La scelta di cosa portiamo a tavola ha un peso importante sul piano ambientale. Alcuni alimenti, infatti, generano effetti più rilevanti di altri, ad esempio in termini di emissioni di CO₂. In particolare, i prodotti di origine animale - come carne e latticini - tendono ad avere un impatto climatico più elevato rispetto a quelli vegetali.
Anche all’interno delle diverse tipologie di carne si osserva una tendenza costante: maggiore è la stazza dell’animale, più alta è la quantità di emissioni associate. La carne bovina, infatti, è tra le più impattanti, seguita da agnello, suino, pollo, uova e pesce. Secondo Greenpeace (2020), in Europa, le attuali abitudini alimentari legate al consumo di carne sono preoccupanti dato che, in media, si consuma circa il doppio di carne e quasi tre volte più latticini rispetto al resto del mondo.

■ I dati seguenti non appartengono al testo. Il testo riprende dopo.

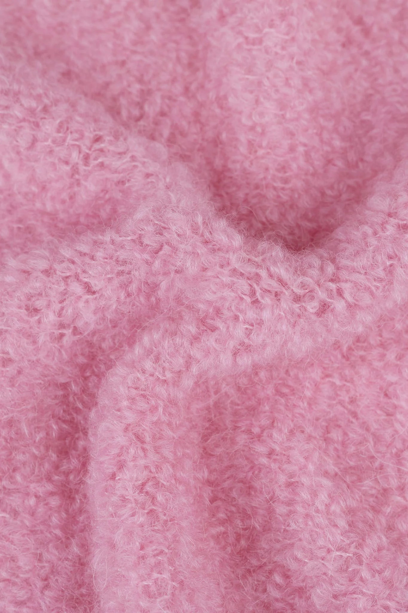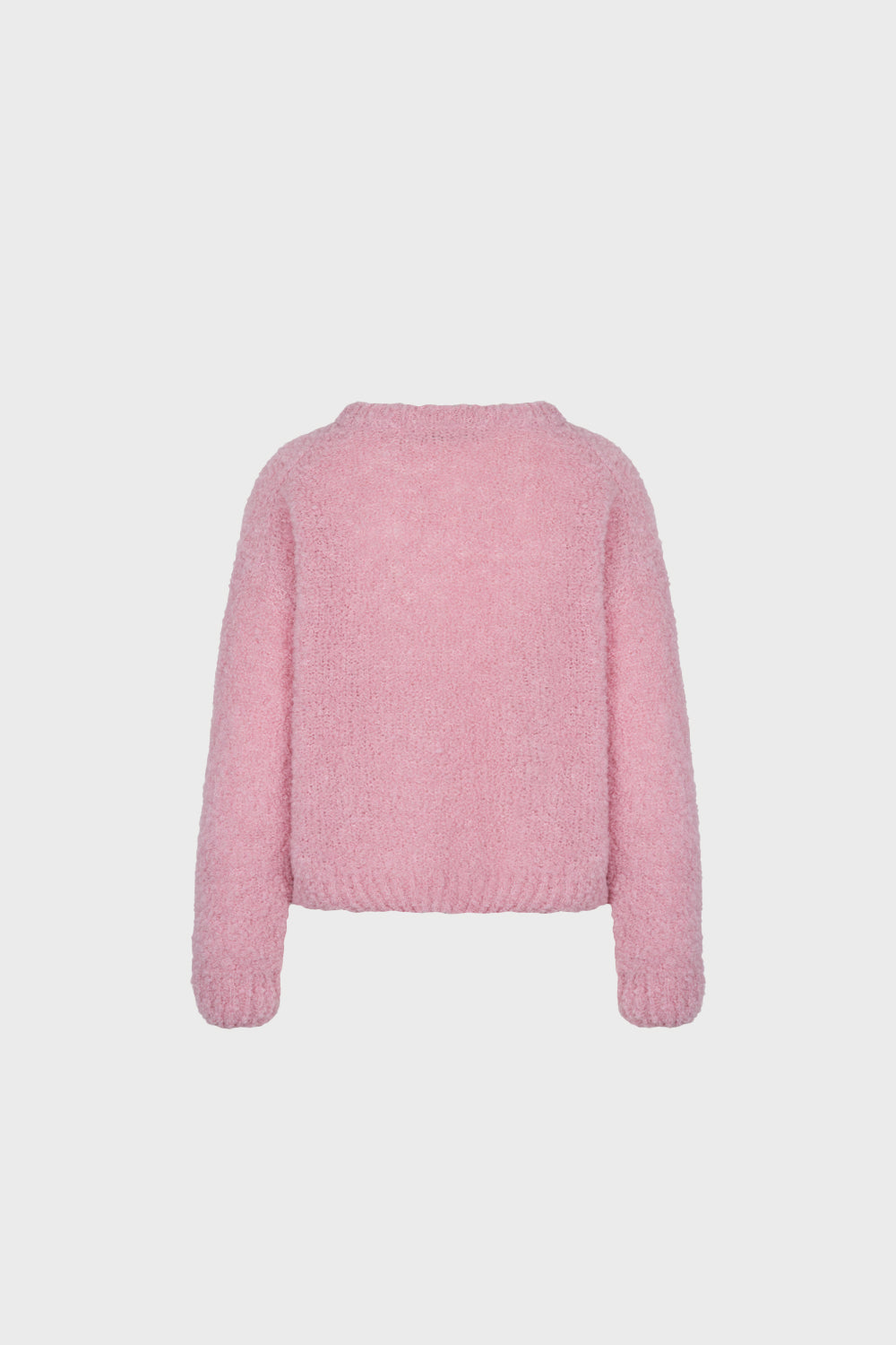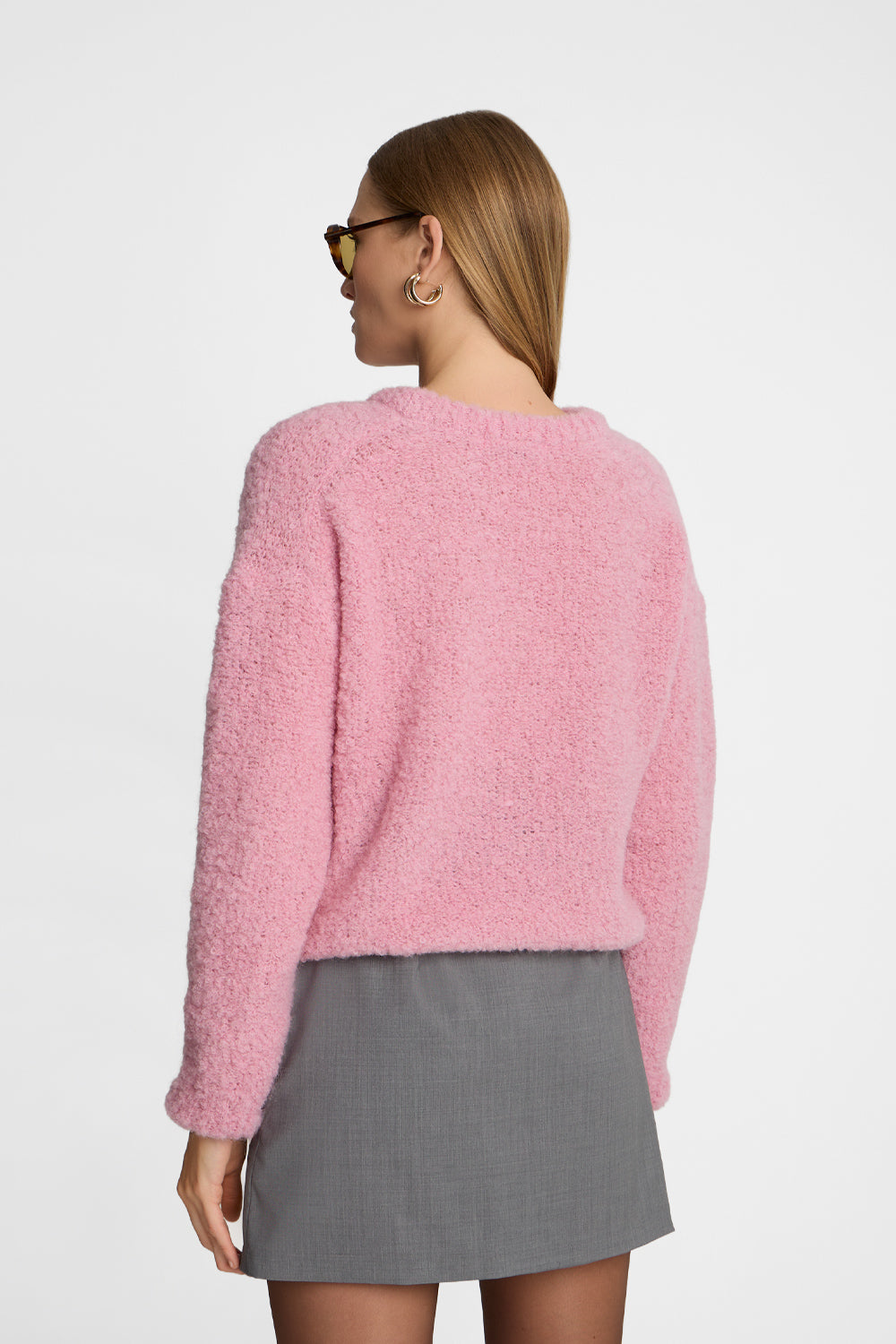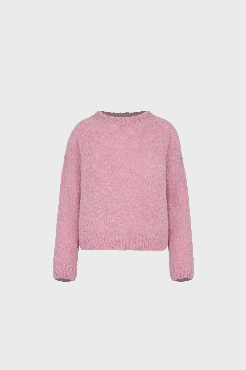 Różowy sweter damski boucle Miss Fluffy Pink to połączenie kobiecości, miękkości i nowoczesnego luzu. Wykonany z przyjemnej w dotyku przędzy typu boucle, zapewnia komfort i delikatne otulenie sylwetki. Pastelowy róż nadaje stylizacjom lekkości, a prosty, klasyczny krój z dekoltem typu crew neck sprawia, że model świetnie prezentuje się zarówno z jeansami, jak i spódnicą.

Un dato che invita a riflettere, considerando anche le numerose implicazioni ambientali legate alla produzione di carne. Oltre al suo impatto sul clima, l’allevamento animale richiede grandi quantità di acqua, favorisce la deforestazione - soprattutto nelle zone tropicali - e, in particolare nella forma intensiva, è associato alla sofferenza animale e alla trasmissione di agenti patogeni dagli animali all’uomo.
Le sfide legate al consumo di carne e alla sostenibilità sono strettamente connesse alle scelte quotidiane dei consumatori, che si trovano ad affrontare un equilibrio tra abitudini consolidate e crescenti preoccupazioni ambientali. A fare chiarezza su queste dinamiche è il recente studio condotto dall'Istituto di Management della Scuola Superiore Sant’Anna, coordinato dal Prof. Francesco Testa e realizzato con la partecipazione del Prof. Marco Frey e dei ricercatori Roberta Iovino, Vinicio Di Iorio e Micol Batelli, che analizza le abitudini alimentari – con particolare attenzione al consumo di carne – e le motivazioni che orientano le scelte dei consumatori nell'acquisto e nel consumo di cibi.
Attraverso un sondaggio, composto da un questionario e due esperimenti, lo studio esplora la complessità del consumo alimentare, identificando i fattori che promuovono o ostacolano scelte più sostenibili e, spesso, anche più salutari. Il campione, rappresentativo della popolazione italiana, è composto da 2015 rispondenti tra i 18 e i 70 anni. La raccolta dati è stata condotta online da SWG nel febbraio 2025.
Questa ricerca costituisce il terzo capitolo di un’indagine più ampia: il primo studio, condotto a febbraio 2024, ha analizzato il settore degli smartphone, mentre il secondo, realizzato a ottobre 2024, si è focalizzato sull'industria dell'abbigliamento.
Dall’indagine del Sant’Anna emerge che la maggior parte dei consumatori (58%) si dichiara onnivora, mentre circa un quarto (25%) si definisce riduzionista, ovvero consuma ogni tipo di alimento ma cerca di limitare l’assunzione di carne. Solo il 9% degli intervistati considera la carne l’elemento centrale della propria dieta. Le scelte alimentari interamente vegane, vegetariane o pescetariane restano invece poco diffuse, essendo adottate solo da una piccola parte della popolazione (appena il 4%).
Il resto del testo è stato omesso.